A gente não sabe até quando isso vai e a situação é muito preocupante.

“O governo brasileiro tem que se responsabilizar. Ninguém tem culpa de vivermos numa pandemia, mas essa pandemia exige que sejam tomadas medidas e aquilo que não é essencial a gente tem que evitar. Os números estão crescendo ainda. A gente não sabe até quando isso vai e a situação é muito preocupante.

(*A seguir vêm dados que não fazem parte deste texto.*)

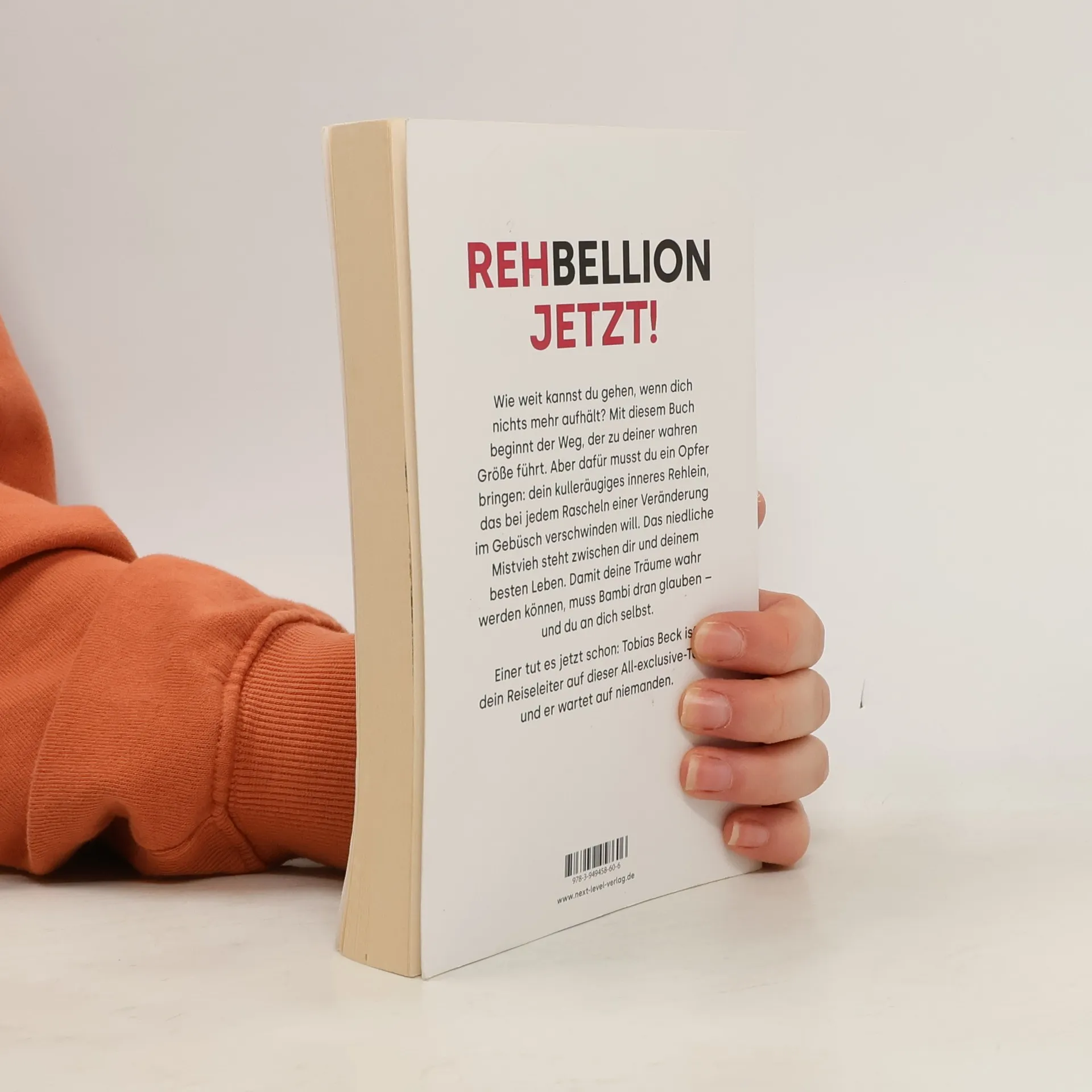 Rehbellion jetzt! Wie weit kannst du gehen, wenn dich nichts mehr aufhält? Mit diesem Buch beginnt der Weg, der zu deiner wahren Größe führt. Aber dafür musst du ein Opfer bringen: dein kulleräugiges inneres Rehlein, das bei jedem Rascheln einer Veränderung im Gebüsch verschwinden will. Das niedliche Mistvieh steht zwischen dir und deinem besten Leben. Damit deine Träume wahr werden können, muss Bambi dran glauben – und du an dich selbst. Einer tut es jetzt schon: Tobias Beck ist dein Reiseleiter auf dieser all exclusive-Tour, und er wartet auf niemanden.

Apesar desse clima que o governo federal tenta gerar de que as coisas já estão se resolvendo no nosso país.”

Sintomas leves

Na quinta-feira  (9), o Ministério da Saúde divulgou uma alteração no protocolo médico para pessoas que sentirem sintomas leves da doença. Agora a recomendação é de que essas pessoas também procurem o médico. A postura tenta evitar que pacientes cheguem ao sistema de saúde já com o quadro grave da doença, o que pode aumentar a ocupação de UTIs e os óbitos.

Nesta edição do boletim "A covid-19 na semana", Aristóteles Cardona relembrou quais sãos os sintomas que devem causar alerta. 

“O que chama atenção são sintomas como febre, dor no corpo, tosse, sensação de cansaço, dor muscular e dor de cabeça. A grande maioria não vai ter sintomas pesados, mas vão precisar usar remédios para dor e febre, repousar, se alimentar bem e beber bastante liquido", explica 

O sintoma da falta de ar, ou fôlego curto chama atenção para a possibilidade de uma gravidade normal. Então, o ideal é que a partir desse sintoma, se busque uma unidade hospitalar”, completa o médico.